What you have to do = Repeat what the lines below say, word for word, and skip every image.

The data =
════════════════════
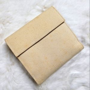 Elevate your accessories with this authentic Céline wallet, crafted in Italy. Designed in a sophisticated beige canvas with smooth brown leather interior, this wallet is both timeless and practical. Features Céline’s signature oval logo plaque on the front flap, and multiple compartments inside for cash, cards, and coins.
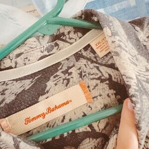 Stylish Tommy Bahama shirt with a gray and cream pattern. Comfortable and elegant design. In perfect condition with no flaws, rips or tears! comment if you have any further questions! ( Any flaws will be pictured )
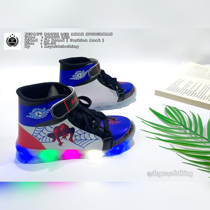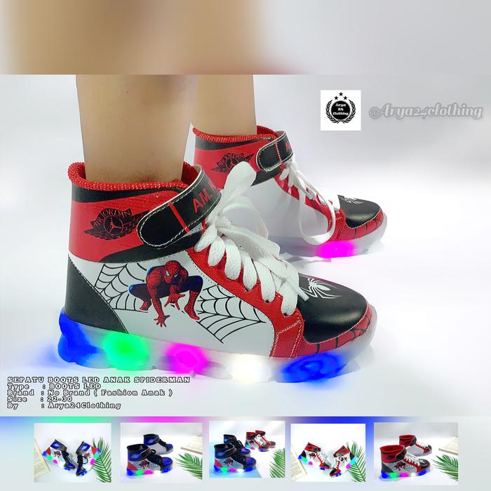 Sepatu Boot LED anak laki-laki motif spiderman TERBARU 2023 kaki fashion - MERAH 22
════════════════════
Solution to the problem =
 Elevate your accessories with this authentic Céline wallet, crafted in Italy. Designed in a sophisticated beige canvas with smooth brown leather interior, this wallet is both timeless and practical. Features Céline’s signature oval logo plaque on the front flap, and multiple compartments inside for cash, cards, and coins.
 Stylish Tommy Bahama shirt with a gray and cream pattern. Comfortable and elegant design. In perfect condition with no flaws, rips or tears! comment if you have any further questions! ( Any flaws will be pictured )
 Sepatu Boot LED anak laki-laki motif spiderman TERBARU 2023 kaki fashion - MERAH 22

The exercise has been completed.